++++ Supplied information ++++

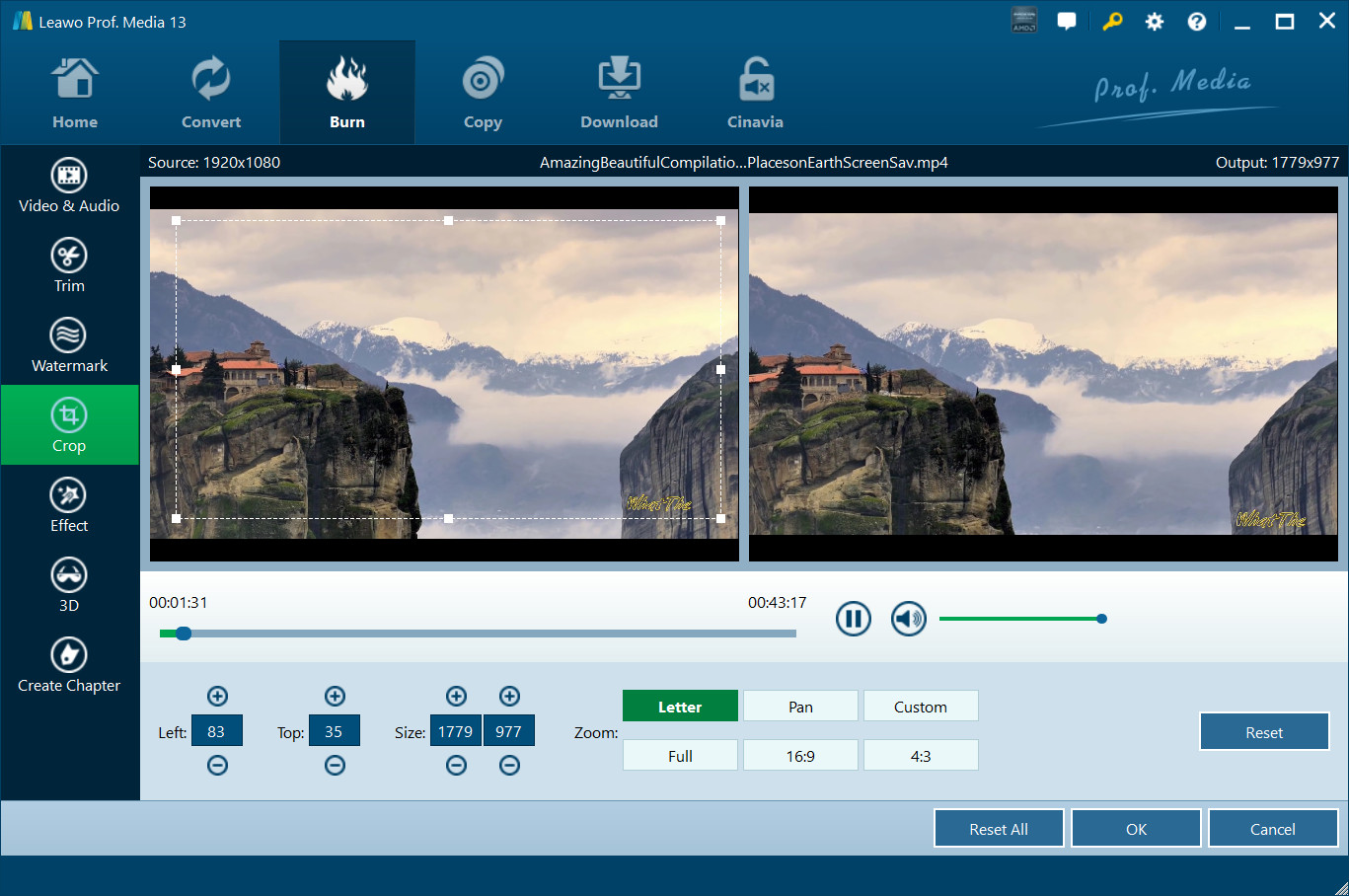 In 作物 选项卡,您可以首先选择一个 通过Zoom 样式,然后将框架的处理程序拖到左侧的“原始预览”窗口中,或者修改下面的参数以获得准确的结果来裁剪视频尺寸并删除黑边。
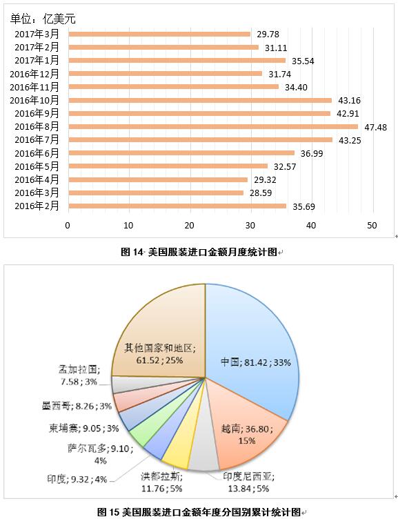 2017年3月,美國服裝進(jìn)口金額29.78億美元,較2月份減少1.33億美元(圖14);2016年9月-3月,美國累計(jì)服裝進(jìn)口金額248.65億美元,同比減少12.29億美元,主要進(jìn)口來源為中國、越南、印度尼西亞、洪都拉斯、印度、薩爾瓦多、柬埔寨、墨西哥和孟加拉國,占比分別為33%、15%、5%、5%、4%、4%、3%、3%和3%(圖15)。
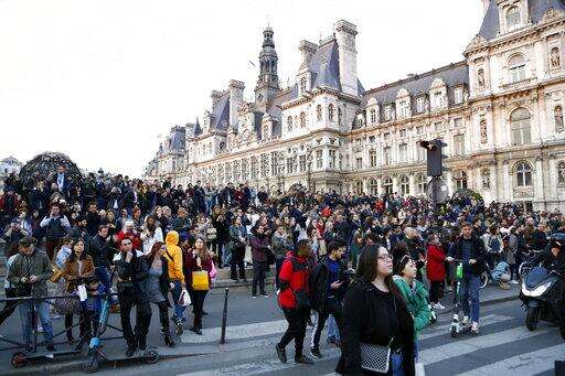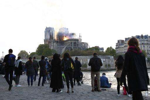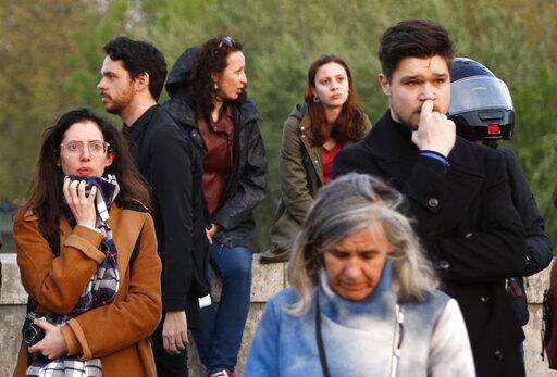 People watch as flames and smoke rise from Notre Dame cathedral as it burns in Paris, Monday, April 15, 2019. Massive plumes of yellow brown smoke is filling the air above Notre Dame Cathedral and ash is falling on tourists and others around the island that marks the center of Paris. (AP Photo/Thibault Camus)
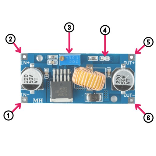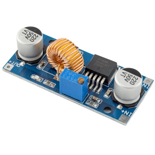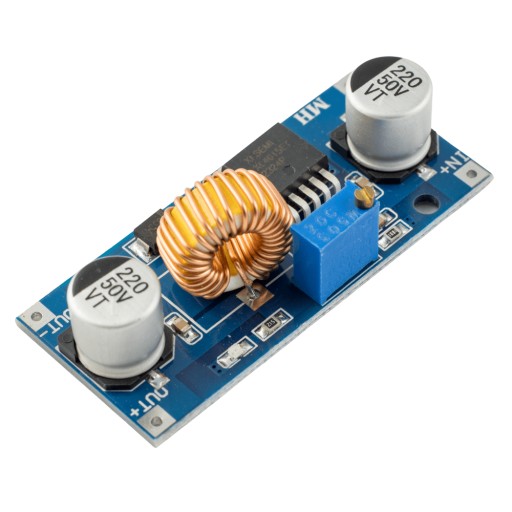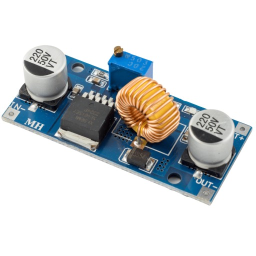 Jest to przetwornica DC-DC, czyli zamienia stałe napięcie wejściowe na stałe napięcie na wyjściu. Na wejście przetwornicy możemy podać napięcie już od 5V aż do 38V.

++++

### Work to complete
Write out the listing again word for word, but without its pictures.

### Response area
 In 作物 选项卡,您可以首先选择一个 通过Zoom 样式,然后将框架的处理程序拖到左侧的“原始预览”窗口中,或者修改下面的参数以获得准确的结果来裁剪视频尺寸并删除黑边。
 2017年3月,美國服裝進(jìn)口金額29.78億美元,較2月份減少1.33億美元(圖14);2016年9月-3月,美國累計(jì)服裝進(jìn)口金額248.65億美元,同比減少12.29億美元,主要進(jìn)口來源為中國、越南、印度尼西亞、洪都拉斯、印度、薩爾瓦多、柬埔寨、墨西哥和孟加拉國,占比分別為33%、15%、5%、5%、4%、4%、3%、3%和3%(圖15)。
 People watch as flames and smoke rise from Notre Dame cathedral as it burns in Paris, Monday, April 15, 2019. Massive plumes of yellow brown smoke is filling the air above Notre Dame Cathedral and ash is falling on tourists and others around the island that marks the center of Paris. (AP Photo/Thibault Camus)
 Jest to przetwornica DC-DC, czyli zamienia stałe napięcie wejściowe na stałe napięcie na wyjściu. Na wejście przetwornicy możemy podać napięcie już od 5V aż do 38V.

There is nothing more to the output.